— Required action —
Pictures are to be dropped. Everything else in the listing gets copied exactly.

##### Information shown #####

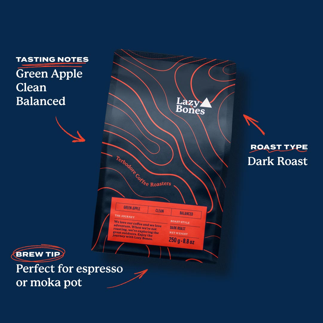 For espresso, we recommend our dark roasts, like our Great Dane or Mac Espresso. The caramelised sugars and deep, rich flavours shine through with a slight sweetness and a smooth finish. This profile gives you the bold, intense flavours you’re after in a perfect shot of espresso.
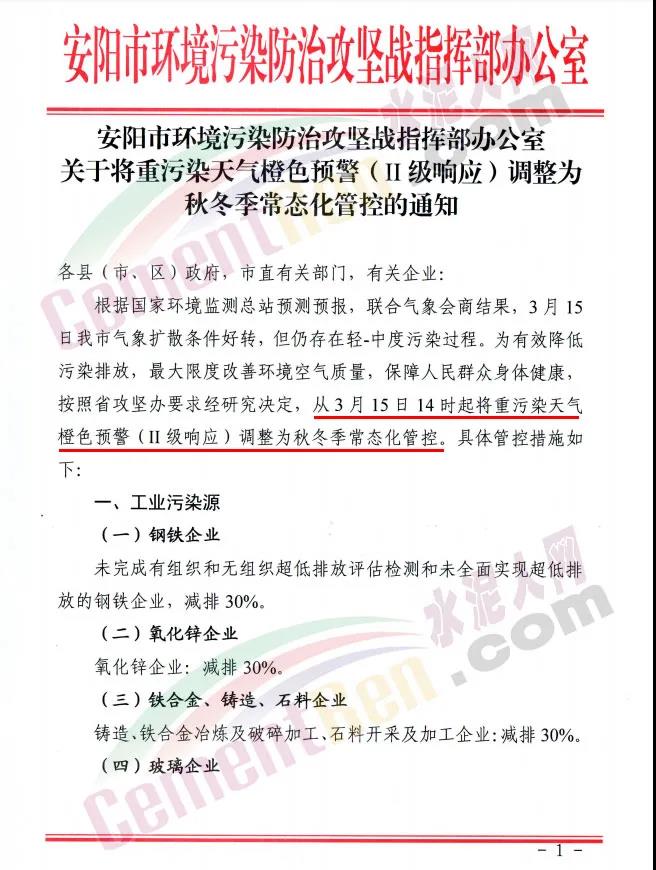 安陽市環(huán)境污染防治攻堅(jiān)戰(zhàn)指揮部辦公室發(fā)布《關(guān)于將重污染天氣橙色預(yù)警(II級響應(yīng))調(diào)整為秋冬季常態(tài)化管控的通知》稱,按照河南省攻堅(jiān)辦要求經(jīng)研究決定,從3月15日14時起將重污染天氣 橙色預(yù)警(II級響應(yīng))調(diào)整為秋冬季常態(tài)化管控。
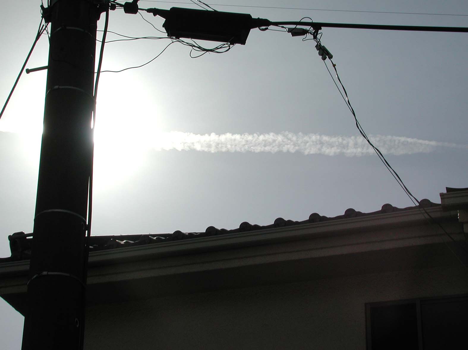 この飛行機雲は偏西風に乗っていつまでも太陽に掛かり続け、薄雲中で撮影の
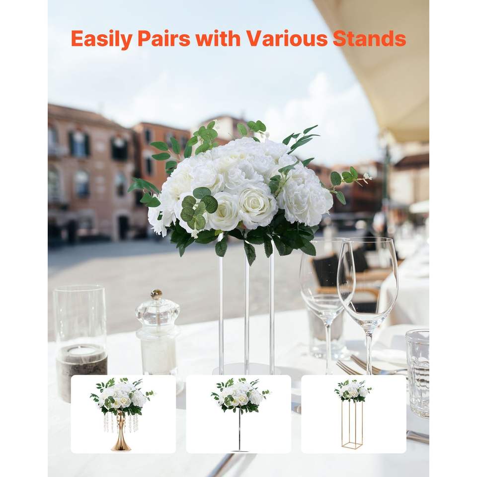 10 Piezas de Rosas Blancas de 17.7 Pulgadas de Diámetro, Centros de Mesa para Bodas, Arreglo de Ramo de Flores Artificiales, Rosas Artificiales de Aspecto Natural

#####

— Worked solution —
 For espresso, we recommend our dark roasts, like our Great Dane or Mac Espresso. The caramelised sugars and deep, rich flavours shine through with a slight sweetness and a smooth finish. This profile gives you the bold, intense flavours you’re after in a perfect shot of espresso.
 安陽市環(huán)境污染防治攻堅(jiān)戰(zhàn)指揮部辦公室發(fā)布《關(guān)于將重污染天氣橙色預(yù)警(II級響應(yīng))調(diào)整為秋冬季常態(tài)化管控的通知》稱,按照河南省攻堅(jiān)辦要求經(jīng)研究決定,從3月15日14時起將重污染天氣 橙色預(yù)警(II級響應(yīng))調(diào)整為秋冬季常態(tài)化管控。
 この飛行機雲は偏西風に乗っていつまでも太陽に掛かり続け、薄雲中で撮影の
 10 Piezas de Rosas Blancas de 17.7 Pulgadas de Diámetro, Centros de Mesa para Bodas, Arreglo de Ramo de Flores Artificiales, Rosas Artificiales de Aspecto Natural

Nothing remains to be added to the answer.